C++11 Standard (ISO/IEC 14882:2011), Section 3.9, Paragraph 10 states (emphasis mine):

A type is a literal type if it is:

• a scalar type; or
• a reference type; or
• a class type (Clause 9) that has all of the following properties:
  • it has a trivial destructor,
  • every constructor call and full-expression in the brace-or-equal-initializers for non-static data members (if any) is a constant expression (5.19),
  • it is an aggregate type (8.5.1) or has at least one constexpr constructor or constructor template that is not a copy or move constructor, and
  • it has all non-static data members and base classes of literal types; or
• an array of literal type.

In my opinion, taking into account the bullet in bold, class A is not a literal type in C++11 because there are constructor calls and a brace-or-equal-initializers for non-static data members that are not constant expressions. I tried putting constexpr before the constructor definition and also assigning the constructor call to a constexpr variable to check that indeed the compiler complains because those are not constant expressions. However, both Clang and GCC compile it successfully. So I am probably wrong.

• Does anyone know why class A is a literal type?

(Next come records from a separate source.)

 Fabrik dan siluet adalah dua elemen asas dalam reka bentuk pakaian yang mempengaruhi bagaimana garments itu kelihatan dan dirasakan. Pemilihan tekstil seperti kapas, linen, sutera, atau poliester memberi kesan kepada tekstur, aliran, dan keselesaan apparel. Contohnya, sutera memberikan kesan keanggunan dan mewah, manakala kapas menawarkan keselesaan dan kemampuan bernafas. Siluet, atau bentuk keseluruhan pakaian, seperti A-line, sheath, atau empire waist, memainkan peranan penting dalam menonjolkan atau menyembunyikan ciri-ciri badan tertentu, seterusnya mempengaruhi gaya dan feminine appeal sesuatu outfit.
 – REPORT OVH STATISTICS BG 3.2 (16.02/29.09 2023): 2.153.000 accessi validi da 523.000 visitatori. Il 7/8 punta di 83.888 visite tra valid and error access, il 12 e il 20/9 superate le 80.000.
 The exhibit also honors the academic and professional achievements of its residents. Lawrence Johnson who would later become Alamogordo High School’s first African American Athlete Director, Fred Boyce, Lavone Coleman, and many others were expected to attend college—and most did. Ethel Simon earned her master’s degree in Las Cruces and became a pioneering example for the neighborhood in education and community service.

The bullet in bold was removed in C++14 (N3652), so I understand class A is a literal type in C++14. I need to know because function is constexpr, therefore each of its parameter types shall be a literal type (C++11/C++14 Standard, Section 7.1.15, Paragraph 3).

EDIT: In the Original Post I used a simple example to make it easier to read, and explained I already tried many combinations. Now I updated the example with some of those combinations to show I tried different constructor calls, definitions and non-static data member initializations. Thanks.

Answer 1

Does anyone know why class A is a literal type?

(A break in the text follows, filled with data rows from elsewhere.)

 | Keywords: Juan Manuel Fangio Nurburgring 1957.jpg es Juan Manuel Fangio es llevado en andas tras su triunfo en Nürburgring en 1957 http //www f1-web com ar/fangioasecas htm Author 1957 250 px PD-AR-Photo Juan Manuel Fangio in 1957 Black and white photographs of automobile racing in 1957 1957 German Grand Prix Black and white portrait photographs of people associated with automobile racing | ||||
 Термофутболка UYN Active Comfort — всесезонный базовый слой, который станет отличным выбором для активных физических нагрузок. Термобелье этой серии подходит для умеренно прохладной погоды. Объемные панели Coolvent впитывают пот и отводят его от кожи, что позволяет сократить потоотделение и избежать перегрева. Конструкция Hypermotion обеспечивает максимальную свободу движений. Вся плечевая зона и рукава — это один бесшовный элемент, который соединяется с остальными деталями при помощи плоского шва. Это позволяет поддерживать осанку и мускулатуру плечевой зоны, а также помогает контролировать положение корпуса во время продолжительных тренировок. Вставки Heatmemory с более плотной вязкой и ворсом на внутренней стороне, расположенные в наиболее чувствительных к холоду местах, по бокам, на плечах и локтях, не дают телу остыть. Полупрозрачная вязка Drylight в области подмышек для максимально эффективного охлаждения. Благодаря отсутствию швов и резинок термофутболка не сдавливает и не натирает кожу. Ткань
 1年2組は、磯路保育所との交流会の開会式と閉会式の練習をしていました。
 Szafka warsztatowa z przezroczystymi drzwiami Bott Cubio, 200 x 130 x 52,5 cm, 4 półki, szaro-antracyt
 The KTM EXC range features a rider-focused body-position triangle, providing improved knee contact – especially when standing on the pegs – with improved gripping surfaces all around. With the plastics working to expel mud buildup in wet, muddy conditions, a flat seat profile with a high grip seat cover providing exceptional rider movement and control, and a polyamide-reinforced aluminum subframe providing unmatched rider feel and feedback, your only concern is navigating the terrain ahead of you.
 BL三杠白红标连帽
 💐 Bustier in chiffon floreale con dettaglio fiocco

It's not in C++11, but it is in C++14, for the reasons you cite in your post. However...

However, both Clang and GCC compile it successfully. So I am probably wrong.

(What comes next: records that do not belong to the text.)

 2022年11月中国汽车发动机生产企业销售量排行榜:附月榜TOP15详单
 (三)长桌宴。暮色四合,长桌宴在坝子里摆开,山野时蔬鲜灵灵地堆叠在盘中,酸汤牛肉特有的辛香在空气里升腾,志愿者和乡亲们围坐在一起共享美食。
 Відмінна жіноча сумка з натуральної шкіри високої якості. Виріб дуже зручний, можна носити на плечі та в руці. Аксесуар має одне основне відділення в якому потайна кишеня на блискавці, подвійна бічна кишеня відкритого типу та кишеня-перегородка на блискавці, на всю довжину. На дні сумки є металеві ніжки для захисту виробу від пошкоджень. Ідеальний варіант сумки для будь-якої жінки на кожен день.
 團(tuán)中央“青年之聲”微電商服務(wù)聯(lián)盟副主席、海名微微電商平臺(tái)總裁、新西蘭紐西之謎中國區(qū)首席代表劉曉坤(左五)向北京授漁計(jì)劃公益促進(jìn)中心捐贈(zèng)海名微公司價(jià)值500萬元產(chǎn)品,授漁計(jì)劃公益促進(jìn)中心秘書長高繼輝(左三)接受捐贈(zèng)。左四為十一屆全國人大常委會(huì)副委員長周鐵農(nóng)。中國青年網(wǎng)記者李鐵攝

You are not wrong. Neither are clang and gcc. The code is, indeed, well-formed despite A not being a literal type... simply because nothing requires it to be a literal type. function may be a constexpr function, but it isn't being invoked as a constant expression. var isn't a constexpr object, so there's no enforced requirement that all the objects be of literal type. Had you tried:

constexpr int var = function(...);

then the code would be ill-formed, as in this case, function(...) would need to be a core constant expression, which requires literal types, which is a requirement that in C++11 A failed. (Actually, you'd also have the problem in C++14 that none of the As are constexpr objects).